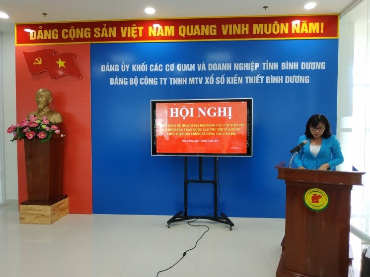Vào ngày 12/9/2019 vừa qua, Đảng ủy Công ty TNHH MTV Xổ số kiến thiết Bình Dương đã tổ chức Hội nghị triển khai kế hoạch tổ chức Đại hội Đảng các cấp tiến tới Đại hội Đại hội đại biểu toàn quốc lần thứ XIII của Đảng với sự tham gia của đảng viên toàn Đảng bộ. Tham dự và chỉ đạo hội nghị có đồng chí Nguyễn Thị Xuân Mai - Ủy viên Ban thường vụ, Phó Bí thư Đảng ủy khối các Cơ quan và Doanh nghiệp tỉnh Bình Dương (gọi tắt là Đảng ủy khối).
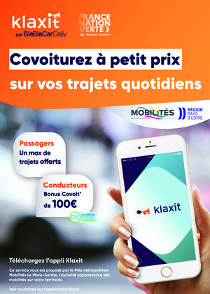 Covoiturage en Val de Sarthe Covoiturage : dans vos trajets quotidiens, faites le plein d’économie avec Klaxit ! Sur un territoire rural et périurbain avec des trajets domicile-travail en voiture prédominants, le (…)
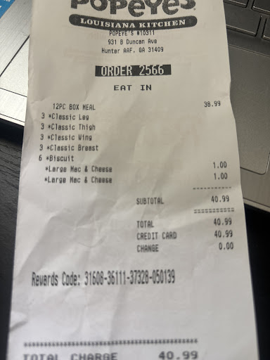First of all, the menu at Popeyes is absolutely incredible. From their signature fried chicken to their buttery biscuits and flavorful sides like red beans and rice and mashed potatoes, everything is cooked to perfection and bursting with flavor. The chicken is always crispy on the outside and juicy on the inside, and the seasoning is just right - not too spicy, but with enough kick to keep things interesting.
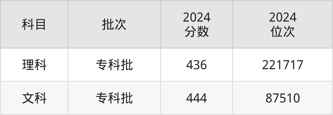 2024年达州职业技术学院在四川省内专科批的录取分数线都在430分以上,在文科的录取分数线为444分;理科的录取分数线为436分。
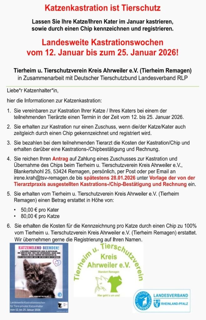 Die jährlichen landesweiten Kastrationswochen (12.01.–25.01.2026) stehen wieder bevor!
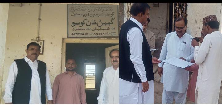 صوبائي محتسب اعلي سنڌ جي هدايت تي شهيد بينظير آباد ۾ گورنمينٽ بوائز پرائمري اسڪول گھمڻ خان کوسو جو اوچتو دورو
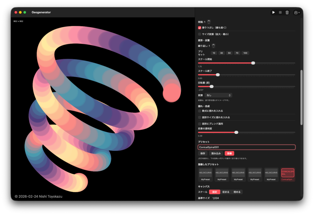 幾何学曲線、変形、色補間(Processingのlerp相当)、ペン設定、保存、プリセット……やりたいことを思いつく限り並べました。
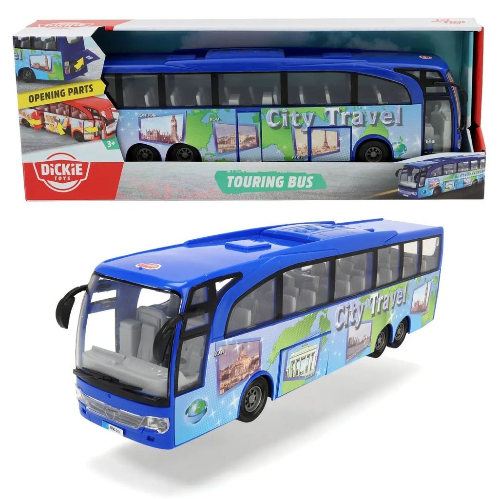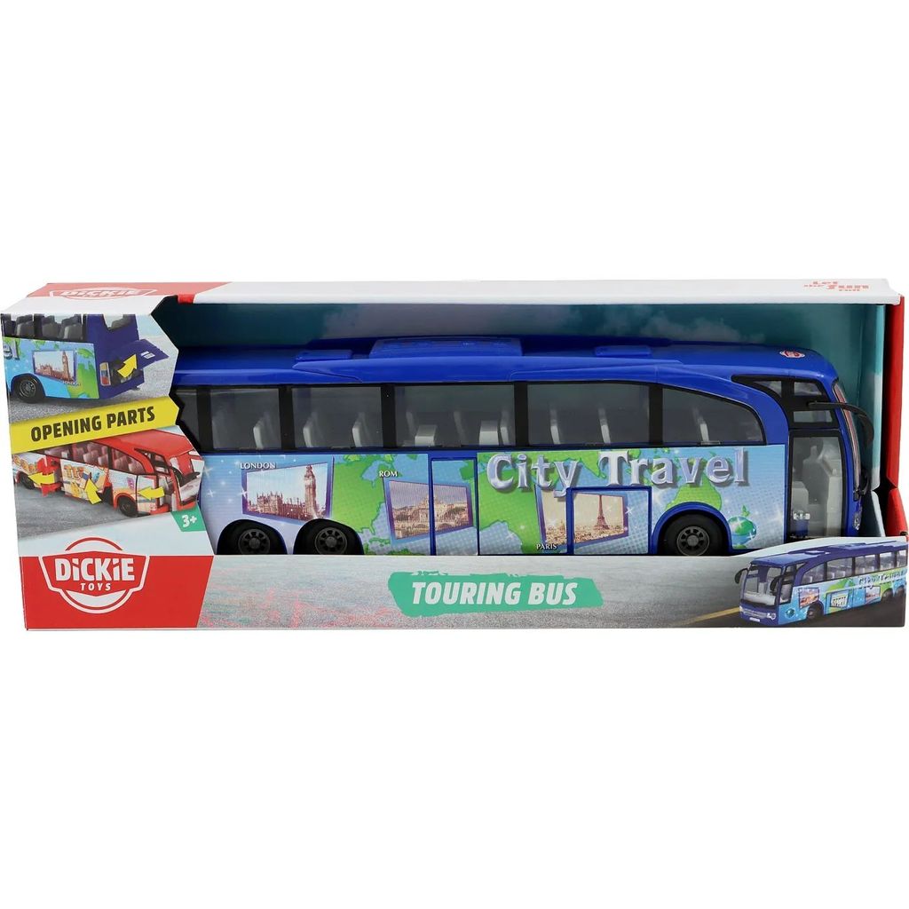Touring Bus fra Dickie Toys er en 30 cm lang turistbus til transport af turister til byen. Den blå bus har et bytema med teksten "City Travel" på siden.
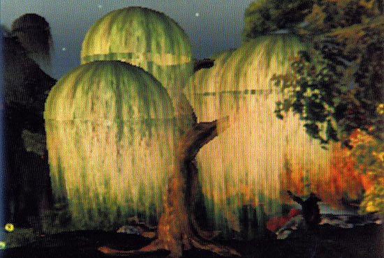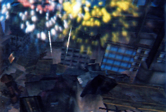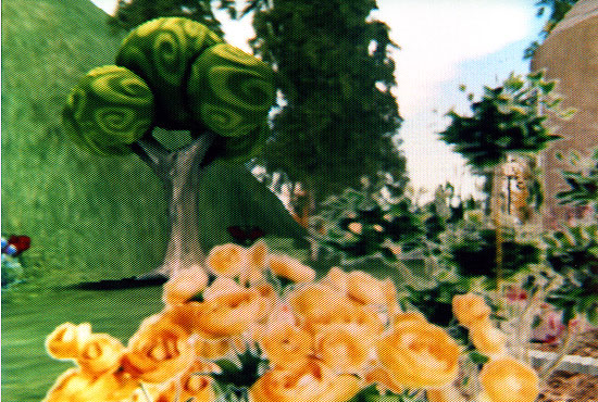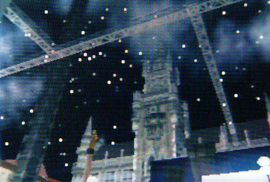 My travels through one of today’s self-proclaimed leading online worlds, SECOND LIFE, took place in the fall of 2008 from my home in Surrey BC, Canada. I went sightseeing in several of its virtual domains and photographed my screen from my embodied existence in real time and space similar to how I would approach my ‘real life’ holiday snapshots. The large C-prints produced from these negatives give presence to the ‘woolly’ RGB phosphors of my CRT monitor: the phosphor dots simultaneously deconstruct the image as a ‘light show’ and call up material associations with, for example, fabrid or an embroidered surface.

________

Directions -
Exact copy, pictures excluded: from the line with "Die jährlichen landesweiten" up to and including the line with "Touring Bus fra" in the data above.

Exercise answer -
 Die jährlichen landesweiten Kastrationswochen (12.01.–25.01.2026) stehen wieder bevor!
 صوبائي محتسب اعلي سنڌ جي هدايت تي شهيد بينظير آباد ۾ گورنمينٽ بوائز پرائمري اسڪول گھمڻ خان کوسو جو اوچتو دورو
 幾何学曲線、変形、色補間(Processingのlerp相当)、ペン設定、保存、プリセット……やりたいことを思いつく限り並べました。
Touring Bus fra Dickie Toys er en 30 cm lang turistbus til transport af turister til byen. Den blå bus har et bytema med teksten "City Travel" på siden.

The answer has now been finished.